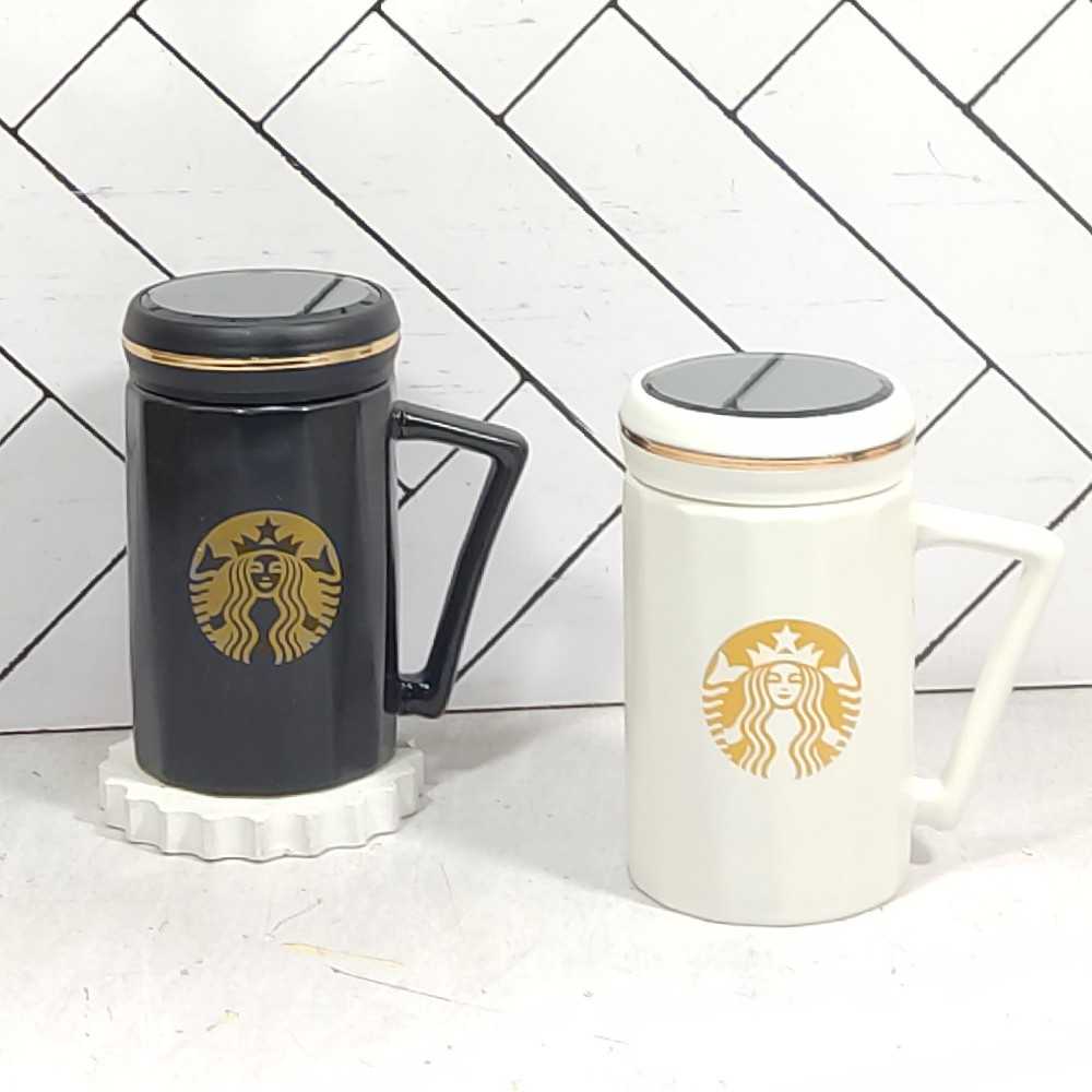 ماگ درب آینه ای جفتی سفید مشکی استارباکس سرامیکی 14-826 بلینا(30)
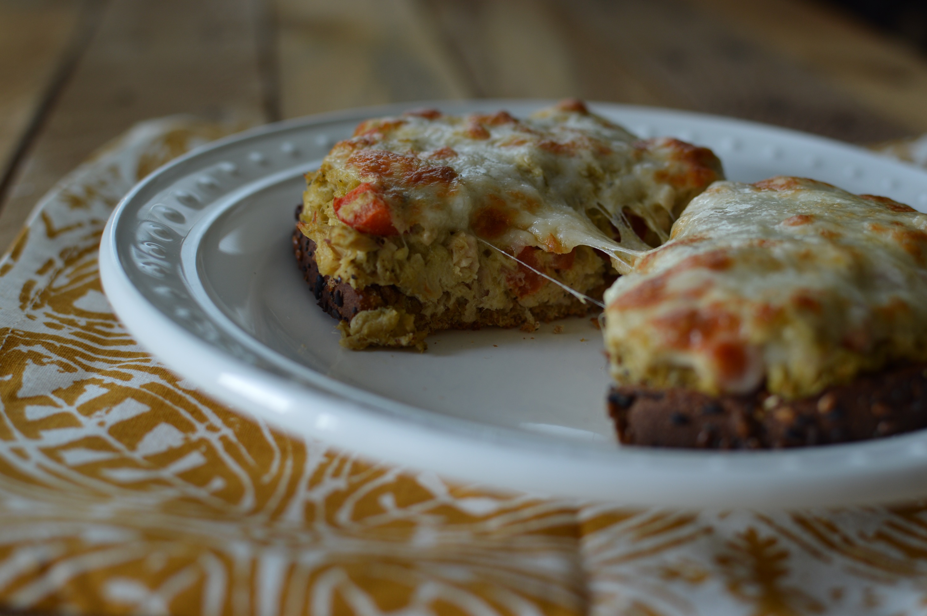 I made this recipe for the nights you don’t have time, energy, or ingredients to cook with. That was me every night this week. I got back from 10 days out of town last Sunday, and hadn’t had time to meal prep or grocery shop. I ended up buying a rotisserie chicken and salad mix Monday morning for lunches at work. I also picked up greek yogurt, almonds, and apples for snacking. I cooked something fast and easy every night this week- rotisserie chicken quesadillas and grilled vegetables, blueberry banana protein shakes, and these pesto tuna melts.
...
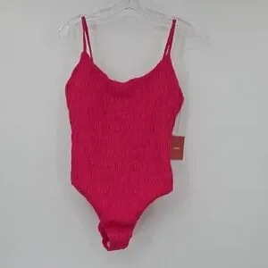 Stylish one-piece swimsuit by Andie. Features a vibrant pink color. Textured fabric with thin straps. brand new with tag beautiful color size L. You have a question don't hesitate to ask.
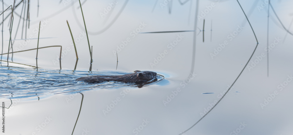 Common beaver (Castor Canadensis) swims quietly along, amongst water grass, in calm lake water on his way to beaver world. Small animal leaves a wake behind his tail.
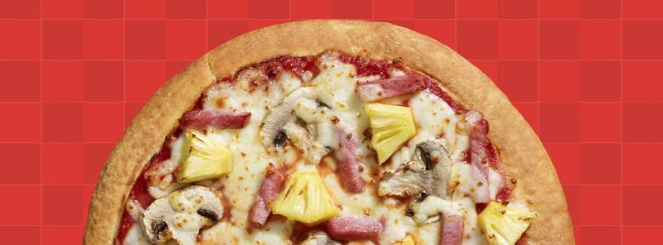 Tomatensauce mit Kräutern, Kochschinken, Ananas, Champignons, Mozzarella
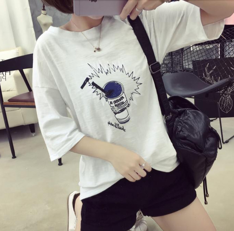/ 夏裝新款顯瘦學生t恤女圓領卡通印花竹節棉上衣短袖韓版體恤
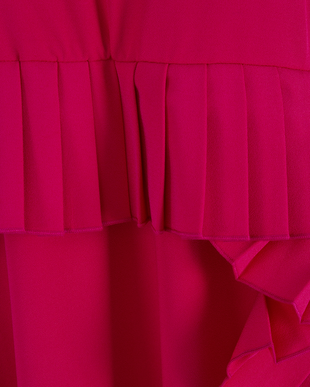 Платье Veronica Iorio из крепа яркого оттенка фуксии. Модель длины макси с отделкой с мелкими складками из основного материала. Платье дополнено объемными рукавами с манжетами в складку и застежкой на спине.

## WORK INSTRUCTION
Pictures aside, print exactly the lines above starting with the one containing "Common beaver (Castor" and going on through the one containing "Платье Veronica Iorio".

## REPLY
 Common beaver (Castor Canadensis) swims quietly along, amongst water grass, in calm lake water on his way to beaver world. Small animal leaves a wake behind his tail.
 Tomatensauce mit Kräutern, Kochschinken, Ananas, Champignons, Mozzarella
/ 夏裝新款顯瘦學生t恤女圓領卡通印花竹節棉上衣短袖韓版體恤
 Платье Veronica Iorio из крепа яркого оттенка фуксии. Модель длины макси с отделкой с мелкими складками из основного материала. Платье дополнено объемными рукавами с манжетами в складку и застежкой на спине.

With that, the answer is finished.